Après vous, j'ai reçu longuement
la visite de Guy Harpigny [théologien, auteur d'une thèse sur L.M.], que je n'avais
jamais vu. Moubarac et lui, me dit-il, ont achevé les tome IV et V des Opera minora
(...).
Lettre du 1er septembre 1987
Merci de votre excellente lettre.
Elle m'apporte de vos nouvelles (thèse, nomination au Puy) : où est Paris X? Quand
soutiendrez-vous? Je serai volontiers à votre jury. Je reçois régulièrement vos
bulletins, toujours intéressants. Bravo pour vos découvertes à Bruxelles. Je
connaissais l'existence du texte de L.M. sur Ibn Torjomân et je l'ai signalé dans mon
livre (p.20), mais je ne l'ai jamais lu. Vous serait-il possible de me le communiquer?
Jacques Keryell pourrait-il me faire envoyer, par son éditeur, son "Hospitalité
sacrée"? (...).
Êtes-vous bien sûr que la shahâda
soit inscrite sur la porte gauche (en bois sculpté) de la cathédrale du Puy? Je croyais
qu'on lisait mâ shâ'allâh? Pouvez-vous vérifier? Copier ou photographier
l'inscription? De toute façon, c'est très intéressant et très important.
Lettre du 21 septembre 1987
Merci de votre carte, qui lève
toute incertitude sur la fameuse inscription. On lit bien : al-mulku li-Llâh -
c'est-à-dire "La souveraineté à Dieu".
J'attends donc votre visite à Paris
- en octobre. Dès que vous connaîtrez la date de votre passage, voulez-vous me la
communiquer? J'aimerais bien voir le texte de Massignon sur Ibn Torjomân le
"renégat".
Hier dimanche à 17 h 30, sur
"la Cinq", émission consacrée à l'Iran avec, en conclusion, "Terrorisme
= intégrisme = islâm". On l'aurait deviné. J'avais été pressenti, puis
prudemment écarté. Bien sûr. Ci-joint un beau texte de la République islamique sur
Jésus et sa mère: pour votre Bulletin?
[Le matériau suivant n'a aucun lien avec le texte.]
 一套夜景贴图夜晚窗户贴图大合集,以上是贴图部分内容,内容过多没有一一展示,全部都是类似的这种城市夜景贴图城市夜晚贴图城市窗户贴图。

Il a paru dans "le Message de l'Islam"
(Téhéran, avril-mai 1987, p.14-15, en français).
Lettre du 24 novembre 1987
Merci et bravo pour votre excellente
étude sur "L'art de l'Islam au Puy-en-Velay". (...) Avez-vous une copie de
l'inscription coufique de Pürgg (Johanniskapelle)? J'aimerais bien la lire et l'examiner.
(...)
Un artisan illettré (en arabe) peut
très bien copier sans comprendre. J'en ai trouvé beaucoup d'exemples en Indonésie, sur
des stèles en caractères arabes, gravées sur place d'après des modèles de Cambay (au
nord-ouest de l'Inde). Mais la question demeure : pour le Puy, par exemple, le sculpteur
était un "poulain" (mowallad) venu du Royaume franc de Jérusalem, ou un
enfant du Velay qui s'est servi d'une espèce de calque? Comment savoir?
J'ai sous les yeux une photo très
récente de la grande mosquée de Xsian (17e s.) en Chine. Au-dessus du portail, une
inscription, taillée dans la pierre, se lit facilement : [shahâda]. Mais ce qui
vient ensuite est presque indéchiffrable.
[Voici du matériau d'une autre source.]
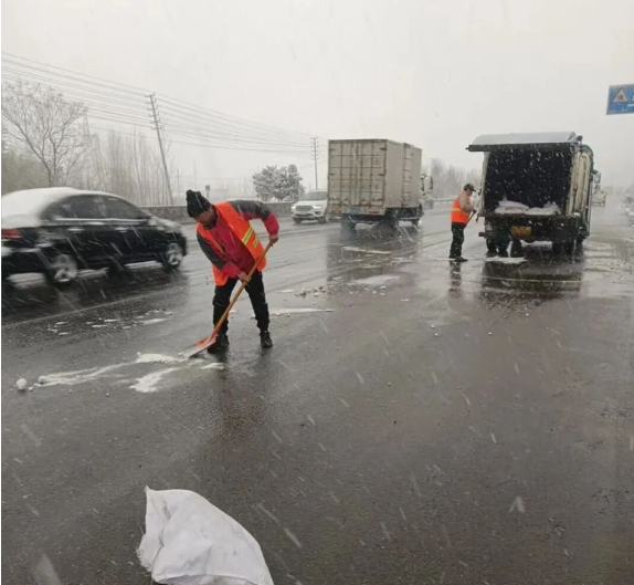 作業過程中,工作人員采用“機械為主、人工為輔”的作業模式,駕駛車對豐收路石河橋、金城南水北調橋、柏山電廠石河橋、許良丹河橋、鴻昌路泉組河橋、博王路等進行均勻播撒,針對護欄縫隙、橋面邊角等機械盲區,通過人工定點拋撒的方式補位,確保融雪鹽用量精準、覆蓋全面。同時,現場安排專人對作業區域周邊排水口進行臨時封堵,防止含鹽水流入綠化帶或市政管網,并同步開展路面巡查,實時監測融冰效果與環境影響。

Je m'arrête ici et je reste
fraternellement vôtre.
Lettre du 25 mars 1988
Je reçois à l'instant votre
lettre. Autour du 10 avril, je serai bien à Paris. Impossible de m'absenter, j'ai trop de
travail. (...)
Tout ce que vous pourrez me montrer
d'inédit sur Massignon m'intéresse.
A bientôt le plaisir de vous
revoir.
Lettre du 4 janvier 1989
Merci pour vos vux et pour le
texte (que j'ignorais) de Louis Massignon. Hélas, pour ma décrépitude, c'est une année
de moins - et une année de plus...
Lettre du 5 juillet 1989
Grand merci pour les deux numéros
de votre Bulletin, intéressants comme toujours. (...)
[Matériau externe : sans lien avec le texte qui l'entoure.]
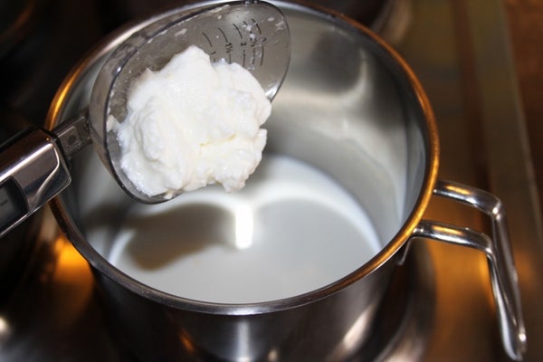 将牛奶与酸奶混合加热,搅拌至酸奶完全溶解。

Je vous ai fait envoyer un
exemplaire de mes "5 couleurs de l'islâm". L'avez-vous bien reçu? Sinon,
dites-le moi et je ferai le nécessaire auprès de l'éditeur.
Je n'ai pas, en français, ni
d'ailleurs en persan, le texte du Testament de l'Imam Khomeini. Mais je vais tâcher de me
le procurer. Vous êtes débordant d'activité. Comme je vous envie, du fond du gouffre de
la vieillesse!
Fraternellement.
Lettre du 6 janvier 1990
Merci de vos vœux. Je vous souhaite
la paix, la santé et le couronnement de la thèse!
Ce que vous me dites de la nouvelle
"Croisade" ne me surprend pas. L'islâm est attaqué chaque jour - la presse en
fait foi et tous les prétextes sont bons : "l'affaire du fichu" par exemple.
J'aimerais contre-attaquer, mais
aucun journal ne m'accepte. Ne suis-je pas extrémiste, fanatique, intégriste (suprême
injure)? Comme disait le cher Massignon : "Nous sentons le roussi". Et il
ironisait sur le "bonnet San-Bénite" des inquisiteurs...
Que Dieu vous garde et vous guide!
Lettre du 24 août 1990
Grand merci pour votre bonne lettre
que je viens de recevoir. Moi aussi, je regrette de n'avoir pu assister au Colloque de
Cerisy. Hélas, le moindre effort me fatigue. L'âge est venu tout d'un coup, sans
prévenir et il faut bien me faire une raison.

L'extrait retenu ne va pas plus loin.